*** Collected data Section Begins ***

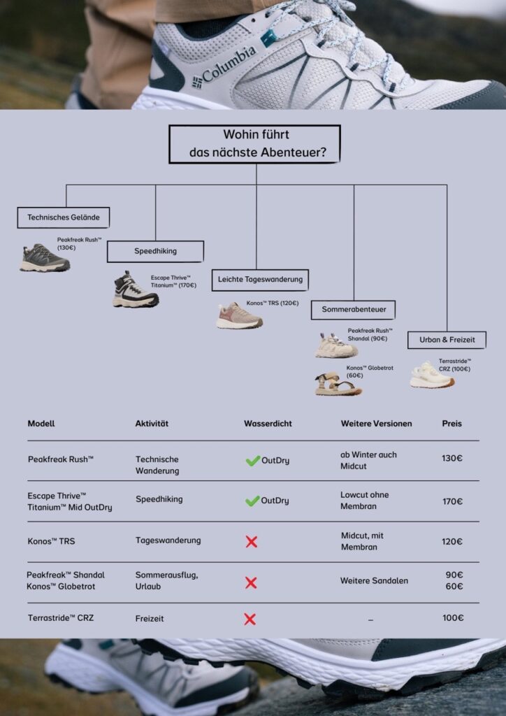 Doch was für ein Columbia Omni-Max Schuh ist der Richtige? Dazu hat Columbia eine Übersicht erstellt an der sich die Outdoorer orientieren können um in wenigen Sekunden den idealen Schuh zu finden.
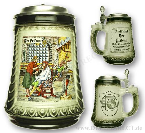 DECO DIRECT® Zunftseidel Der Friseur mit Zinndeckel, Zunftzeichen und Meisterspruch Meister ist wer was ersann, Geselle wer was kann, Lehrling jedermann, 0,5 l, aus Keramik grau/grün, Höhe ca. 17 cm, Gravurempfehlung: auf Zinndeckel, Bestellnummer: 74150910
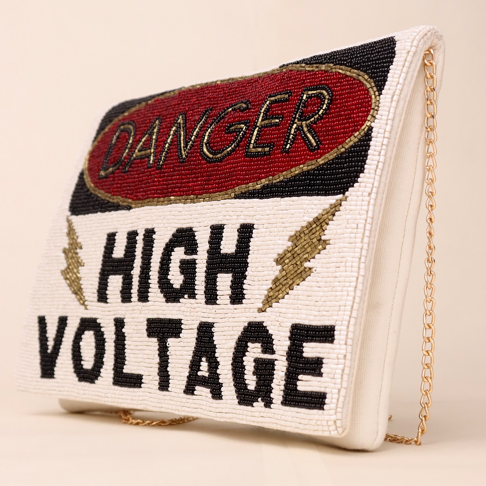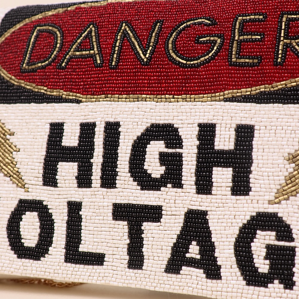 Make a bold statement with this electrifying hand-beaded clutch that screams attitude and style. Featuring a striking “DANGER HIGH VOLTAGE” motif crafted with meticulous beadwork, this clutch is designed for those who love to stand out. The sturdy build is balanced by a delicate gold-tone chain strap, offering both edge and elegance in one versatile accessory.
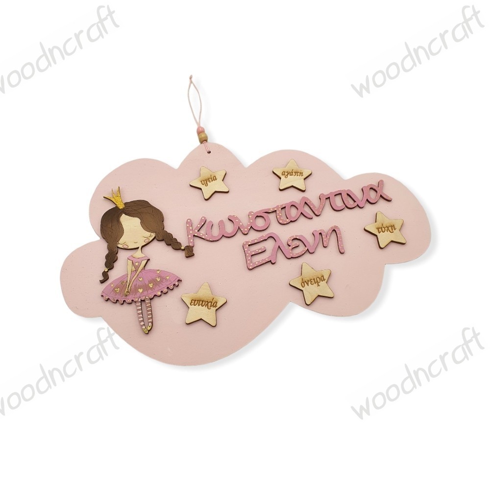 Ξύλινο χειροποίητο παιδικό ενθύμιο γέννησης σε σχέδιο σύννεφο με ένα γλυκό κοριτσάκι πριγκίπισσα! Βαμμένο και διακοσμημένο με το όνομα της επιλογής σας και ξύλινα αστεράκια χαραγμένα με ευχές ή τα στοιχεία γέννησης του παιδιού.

*** Collected data Section Ends ***

● What to do:
I need the lines from the line holding "DECO DIRECT® Zunftseidel" through the end of the material, inclusive, restated word for word and without pictures.

● Task solution:
 DECO DIRECT® Zunftseidel Der Friseur mit Zinndeckel, Zunftzeichen und Meisterspruch Meister ist wer was ersann, Geselle wer was kann, Lehrling jedermann, 0,5 l, aus Keramik grau/grün, Höhe ca. 17 cm, Gravurempfehlung: auf Zinndeckel, Bestellnummer: 74150910
 Make a bold statement with this electrifying hand-beaded clutch that screams attitude and style. Featuring a striking “DANGER HIGH VOLTAGE” motif crafted with meticulous beadwork, this clutch is designed for those who love to stand out. The sturdy build is balanced by a delicate gold-tone chain strap, offering both edge and elegance in one versatile accessory.
 Ξύλινο χειροποίητο παιδικό ενθύμιο γέννησης σε σχέδιο σύννεφο με ένα γλυκό κοριτσάκι πριγκίπισσα! Βαμμένο και διακοσμημένο με το όνομα της επιλογής σας και ξύλινα αστεράκια χαραγμένα με ευχές ή τα στοιχεία γέννησης του παιδιού.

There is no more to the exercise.